Tous les volets sont
clos.
Mon
ventre gargouille et pas seulement de faim. Des bulles d’impatience
et de colère y grouillent. Celles de mes peurs ont définitivement
fait gaz après mon coup de pompe de la fontaine à l’Ours. C’est
désormais la hargne qui dynamise mes poings pour assister le Machu
dans son cognage de porte. Son œil goutte de rage et son visage
entier ruisselle sur les rainures boisées de cette porte muette. Il
souffle, bave et crie. Rien ne bouge. La Toche est sourde. On arrête.
Je me retourne.
Proche du pick-up, Caleb s’apprête à ouvrir la portière. Je
l’avais presque oublié. Je cours et le rattrape sans difficulté.
Il n’a pas encore tout à fait recouvré son centre de gravité et
ses forces lui manquent. Je le traîne bien serré par le bras jusque
devant le Machu qui, dos à la porte, fixe vaguement la montagne.
Anormalement calme, il ne bronche pas. Ça m’étonne. Seule la
paupière de son œil beugle comme une sirène qu’aurait le rouge
aux lèvres.
Il sort un grand
mouchoir à carreau de sa poche, et s’en essuie la face qui
dégouline. Ça dure comme on baille le temps d’une homélie. Mais
mes yeux bien en selle galopent de l’un à l’autre. Le Machu
replie son mouchoir, le Caleb déplie son effroi et le chien noir
encore aboie. Des gouttes de pluie viennent ajouter leur sauce à ce
pot aux fous et la Toche fait toujours la morte.
Son œil. Je veux
savoir. Le Machu, c’est mon pote maintenant. J’ai décidé.
Son œil. Je ne peux
pas, ne peux le regarder vraiment, ne m’y habitue pas.
Son œil. Fixe et
vide comme celui d’une poule.
Les miens sur le
sien passent furtifs et cette vision me pince les tripes. J’ai mal
au Machu. Ça nourrit ma colère. J'oublie qu'il sent l’ail.
Autour c’est une
désolante désolation. Même la pluie se désole de ne pas nous
troubler. Le Machu sort son paquet de cigarettes, en extrait une, se
ravise, la replace lentement, puis remet à nouveau le paquet dans sa
poche. Le Caleb n’en peut plus. Moi j’attends l’hallali.
- Regarde bien mes
paluches bonhomme, mates-les attentivement!
C’est ça qui a
jailli froidement de la bouche du Machu. Ses mains, je les avais
repérées dès le début, au refuge déjà. D’épaisses et
rugueuses palmes larges comme des battoirs ruissellent sous le nez du
Stéropès qui, pétrifié dans sa gaine d’épouvante, obéit et
regarde. On est loin d’une vallée de pivoines avec des
libellules qui volettent dedans et du soleil qui rougeoie par-dessus.
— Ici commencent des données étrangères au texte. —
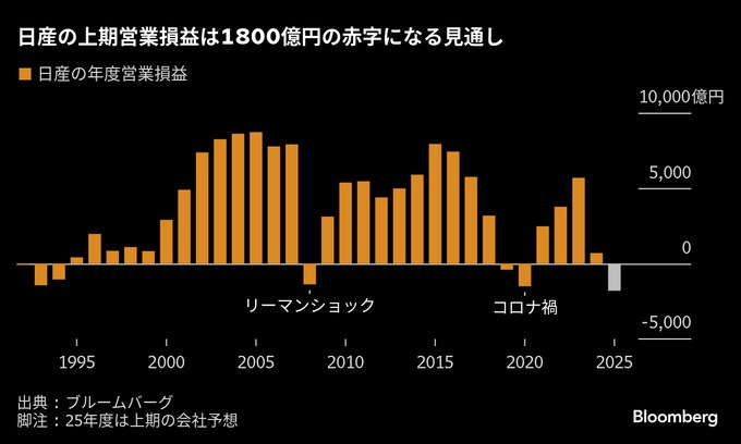 (ブルームバーグ):経営の立て直しを進める日産自動車は30日、上期(4-9月)の営業損益が1800億円の赤字になる見通しだと発表した。米国関税の影響は当初想定よりも緩和される見通しだが第2四半期にかけて損失が膨らみ、下期は見通しも立っていない状況で再建への道は険しいとの見方が出ている。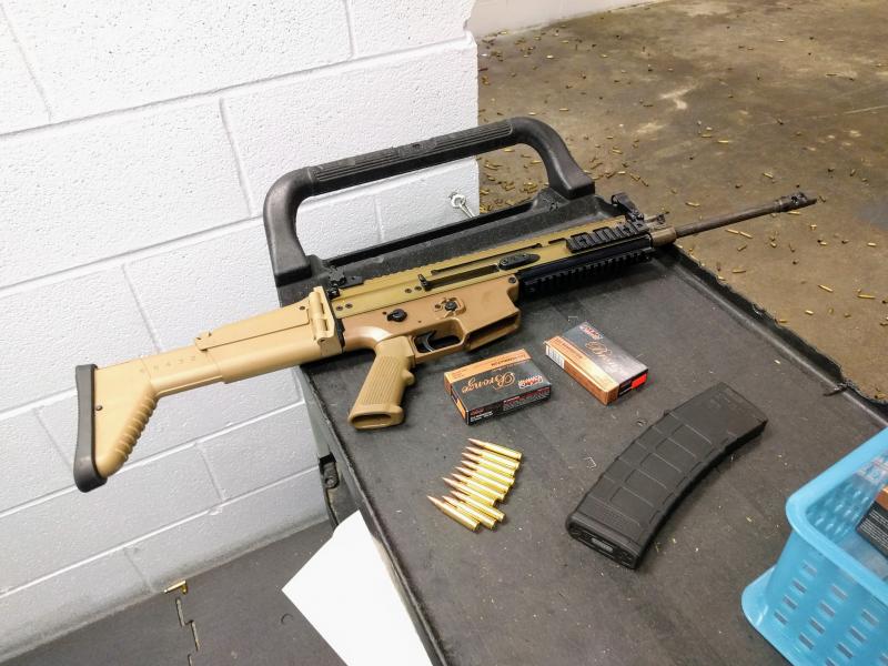 Nos dan el SCAR, nos informan del precio de las munciones, 7,99 dolares la cajita de 20 cartuchos del 223 (las del 7,62x39 tambien), asi que piyamos 1 per capita, yo dos, se paga despues. Nos las ponene en una practica cestita de plastico y nos dan gafas y cascos. Nos dan a elegir el blanco que queremos y para la suite.

Le Machu semble avoir dans la bouche un goût de sang qui rode et je
crois bien qu’à cet instant, il en salive le fiel.
- Tu les as bien
vues, dis, tu les as vues? … parce que j’les connais moi, et
crois-moi, elles ne vont pas hésiter à te le tordre ton cou, et
d’un coup bien sec, bien net, bien franc, de celui dont on
n’revient pas! Tu l’as compris, j’ai plus rien à perdre, alors
fini les amuse-gueule! Il est où ton frangin? C’est à qui cette
Toche? Pourquoi ça répond pas?
Il a dit tout ça
d’un trait calme comme un Bogey sans feutre, dans un port de
l’angoisse et le Caleb ne se pose même plus la question de savoir
s’il en a ou pas.
- j’te jure, c’est
là qu’il habite mon frère! J’sais pas moi, il .. il est sorti..
il a sa vie… j’sais pas , j’te jure !
- ok ça va, chiale
pas, tu m’débectes! On va l’attendre! mais à l’intérieur!
Cette Toche j’veux voir ce qu’elle a dans les tripes! Alors tu
vas m’aider à défoncer cette porte!… à moins que …
- La clef est là,
sous la pierre là, à gauche!
Avant de se pencher
vers la pierre, le Machu lui a balancé une droite bien sentie dans
la panse. Ça m'a fait du bien.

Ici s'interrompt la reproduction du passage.